- **SOURCE INFORMATION**
+---+
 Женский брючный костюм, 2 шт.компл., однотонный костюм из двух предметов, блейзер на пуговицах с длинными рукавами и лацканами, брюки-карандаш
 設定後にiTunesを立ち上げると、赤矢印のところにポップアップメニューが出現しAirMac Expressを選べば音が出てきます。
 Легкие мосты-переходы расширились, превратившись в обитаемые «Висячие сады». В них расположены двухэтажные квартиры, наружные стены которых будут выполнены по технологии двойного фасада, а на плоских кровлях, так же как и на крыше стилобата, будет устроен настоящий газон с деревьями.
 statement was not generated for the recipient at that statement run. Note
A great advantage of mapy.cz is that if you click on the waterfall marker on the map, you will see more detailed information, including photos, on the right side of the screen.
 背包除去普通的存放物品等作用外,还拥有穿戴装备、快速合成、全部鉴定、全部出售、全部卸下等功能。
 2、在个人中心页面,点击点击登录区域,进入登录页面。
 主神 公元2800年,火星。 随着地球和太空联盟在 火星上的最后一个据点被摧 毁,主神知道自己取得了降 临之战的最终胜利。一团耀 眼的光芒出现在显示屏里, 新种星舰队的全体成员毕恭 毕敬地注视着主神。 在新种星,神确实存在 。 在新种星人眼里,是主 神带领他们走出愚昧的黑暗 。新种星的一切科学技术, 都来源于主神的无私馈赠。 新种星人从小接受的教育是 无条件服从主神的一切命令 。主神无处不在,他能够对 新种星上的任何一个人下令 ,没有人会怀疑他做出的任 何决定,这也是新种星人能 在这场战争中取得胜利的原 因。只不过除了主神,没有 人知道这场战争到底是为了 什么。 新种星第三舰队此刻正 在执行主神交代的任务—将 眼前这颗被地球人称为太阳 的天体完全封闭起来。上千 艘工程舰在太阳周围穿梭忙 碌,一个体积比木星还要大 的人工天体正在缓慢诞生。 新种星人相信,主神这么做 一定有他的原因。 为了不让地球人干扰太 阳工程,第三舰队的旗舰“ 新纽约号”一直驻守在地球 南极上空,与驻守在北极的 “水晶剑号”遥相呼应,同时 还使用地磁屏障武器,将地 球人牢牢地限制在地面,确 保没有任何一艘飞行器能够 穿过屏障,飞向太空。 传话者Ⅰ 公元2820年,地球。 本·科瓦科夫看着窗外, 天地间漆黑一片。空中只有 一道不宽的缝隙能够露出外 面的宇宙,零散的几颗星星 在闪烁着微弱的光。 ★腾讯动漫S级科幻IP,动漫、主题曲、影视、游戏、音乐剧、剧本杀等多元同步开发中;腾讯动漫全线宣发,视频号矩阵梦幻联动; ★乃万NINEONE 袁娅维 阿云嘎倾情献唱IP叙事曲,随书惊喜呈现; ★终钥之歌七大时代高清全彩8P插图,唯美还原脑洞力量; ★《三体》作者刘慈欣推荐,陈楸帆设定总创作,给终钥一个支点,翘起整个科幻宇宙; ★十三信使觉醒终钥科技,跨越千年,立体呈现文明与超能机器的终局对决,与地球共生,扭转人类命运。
+---+
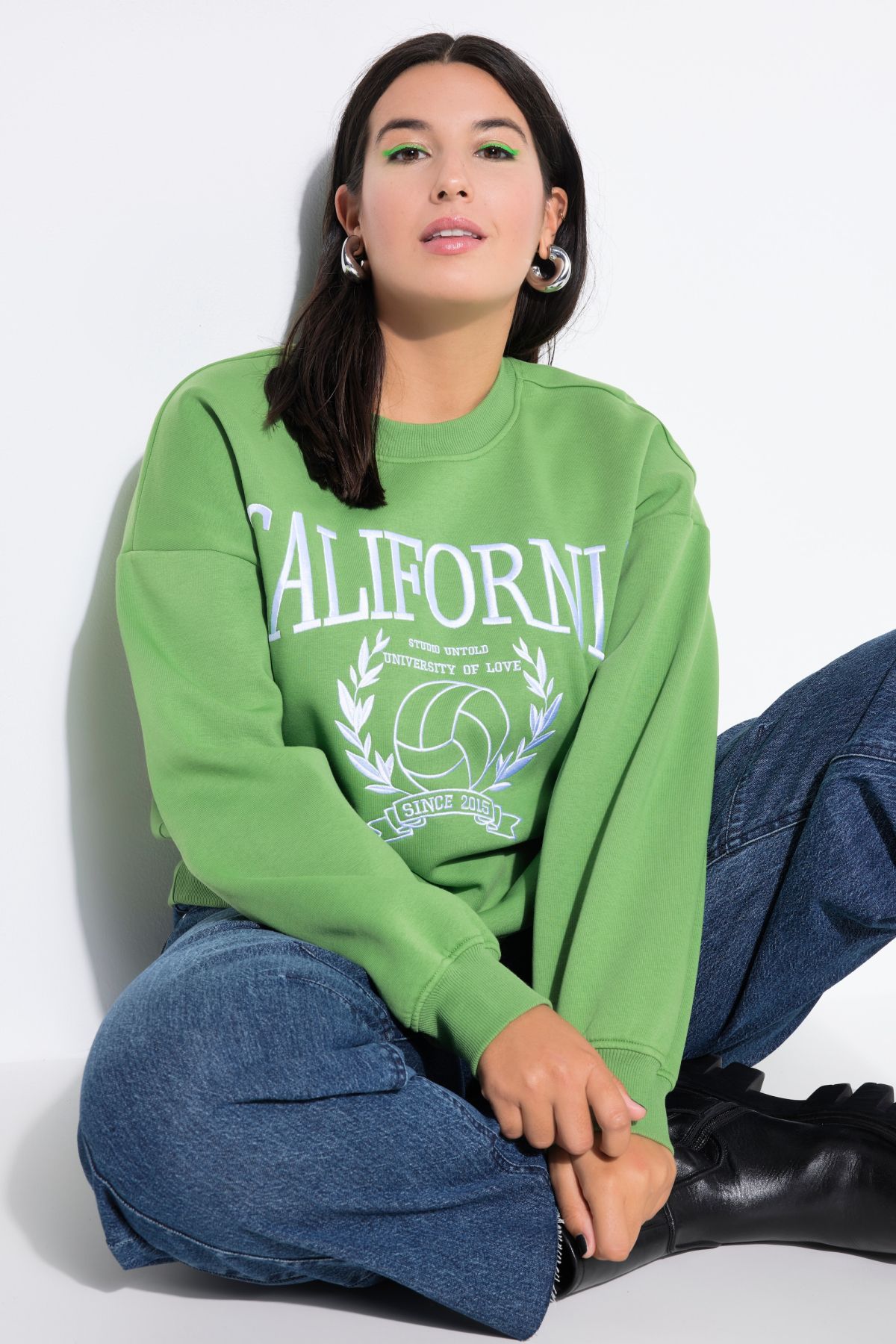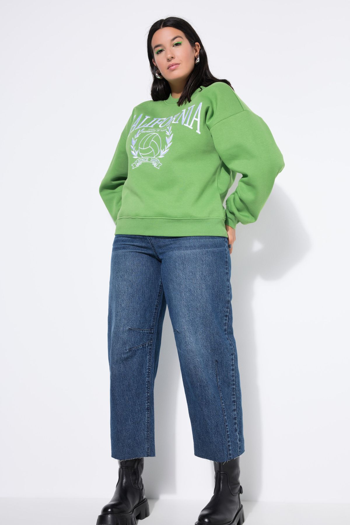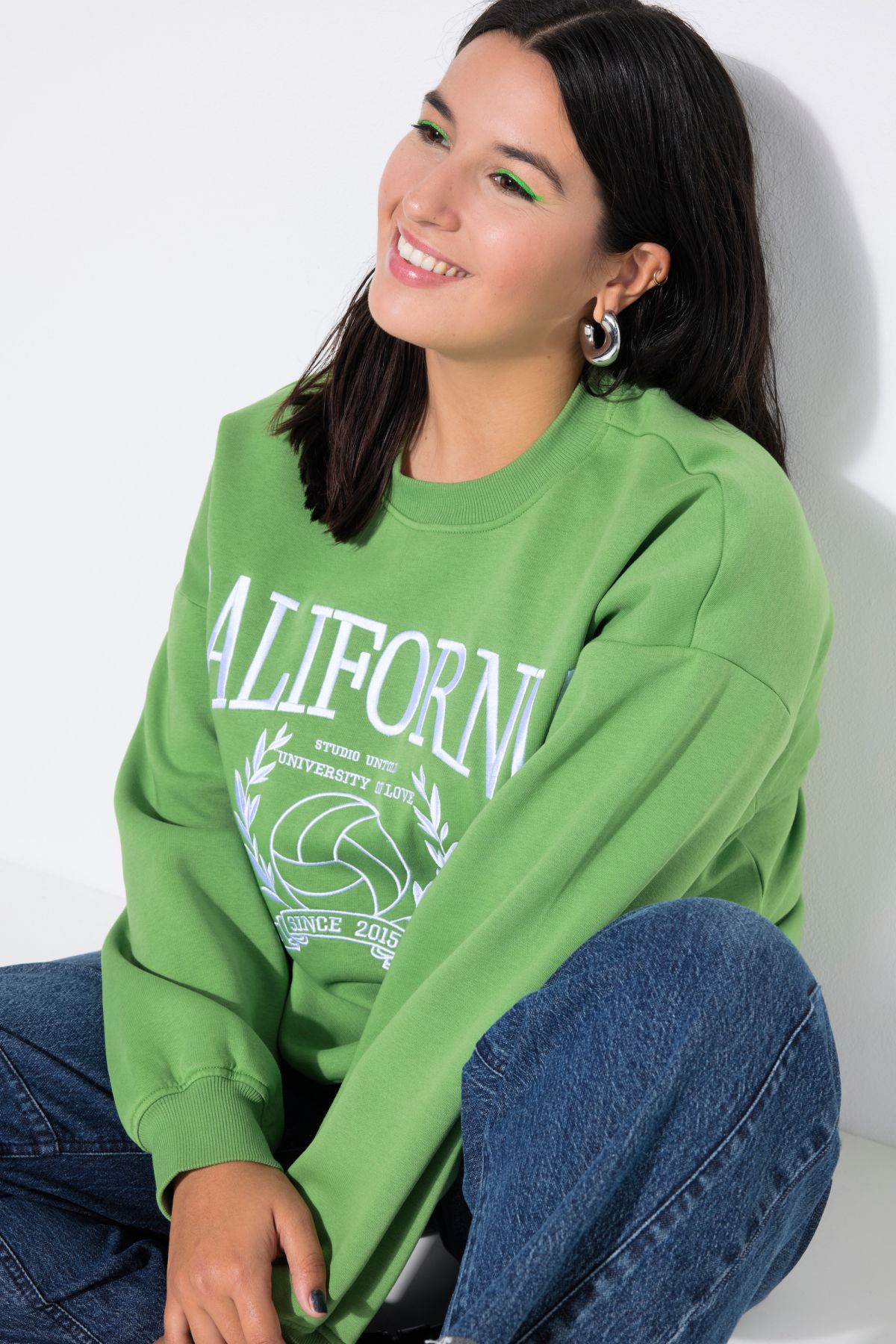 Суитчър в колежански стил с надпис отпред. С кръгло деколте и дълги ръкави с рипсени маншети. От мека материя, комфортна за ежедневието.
+---+
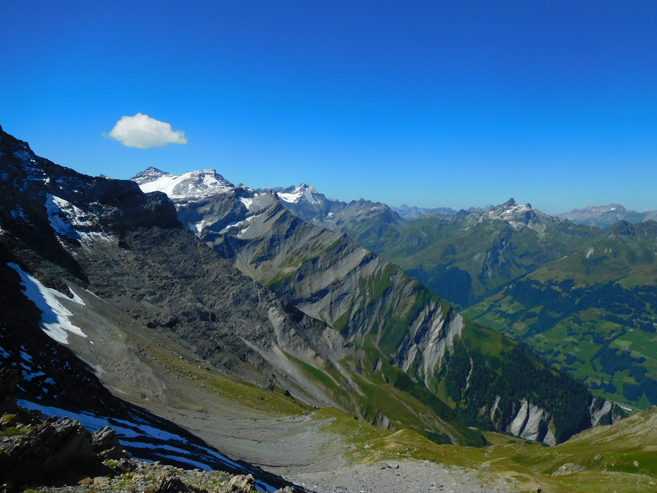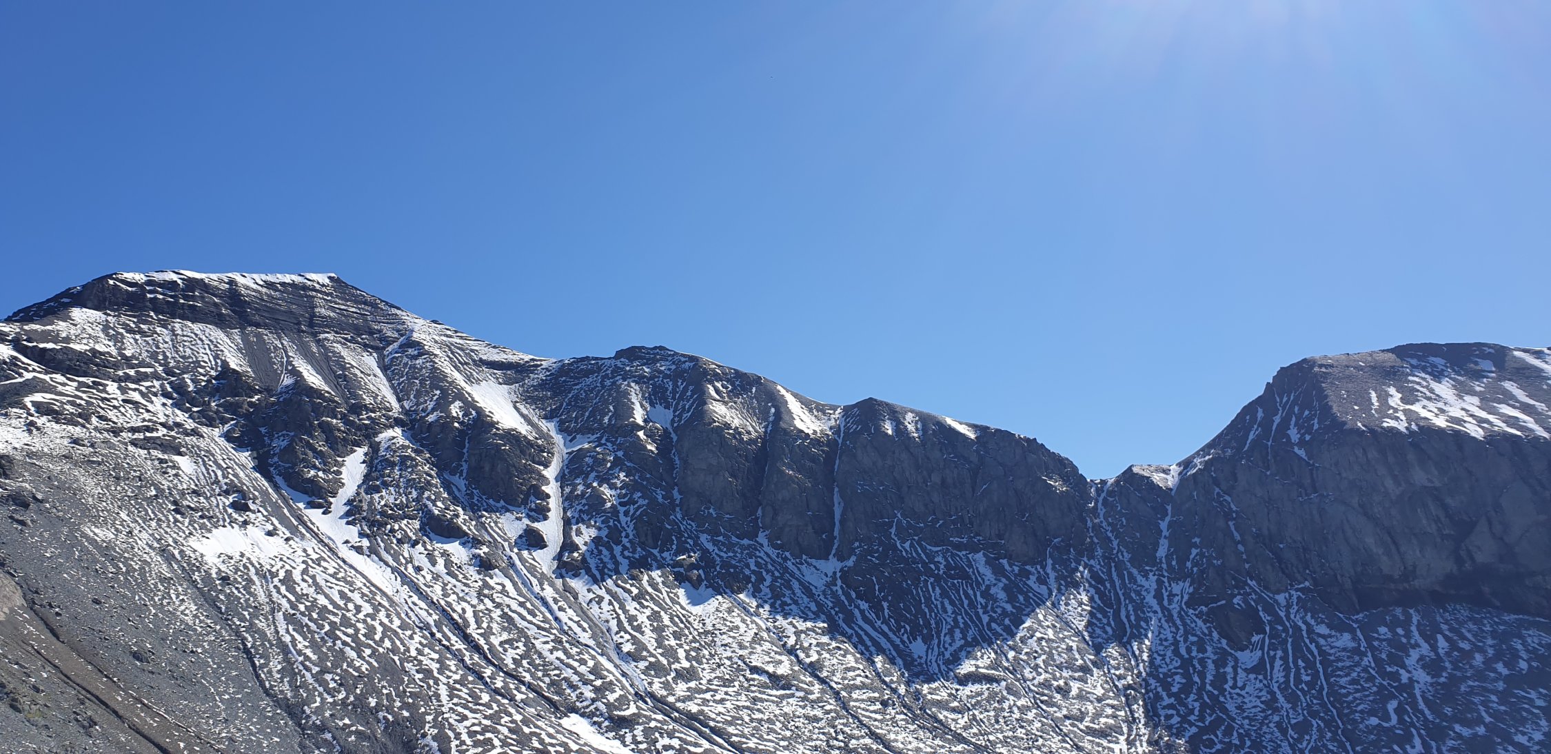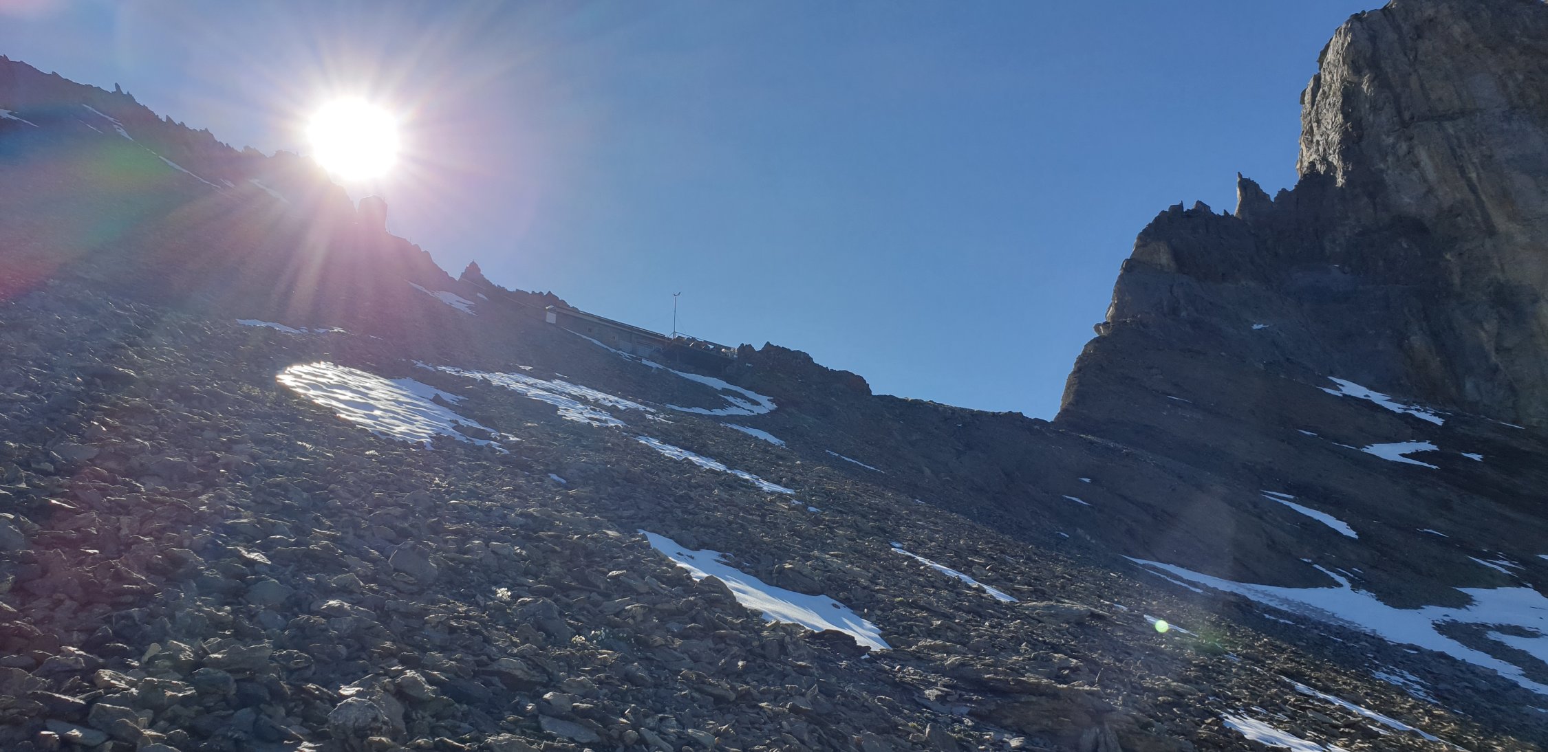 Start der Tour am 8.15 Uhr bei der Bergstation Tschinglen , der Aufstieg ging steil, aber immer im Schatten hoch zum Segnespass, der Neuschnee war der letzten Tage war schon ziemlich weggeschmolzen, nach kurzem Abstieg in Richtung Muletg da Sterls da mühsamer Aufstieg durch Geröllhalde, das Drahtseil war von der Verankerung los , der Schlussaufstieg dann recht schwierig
+---+
- **ASSIGNMENT**
Read the entries and select each line where the word "that" is found.

- **RESPONSE TO THE TASK**
 statement was not generated for the recipient at that statement run. Note
A great advantage of mapy.cz is that if you click on the waterfall marker on the map, you will see more detailed information, including photos, on the right side of the screen.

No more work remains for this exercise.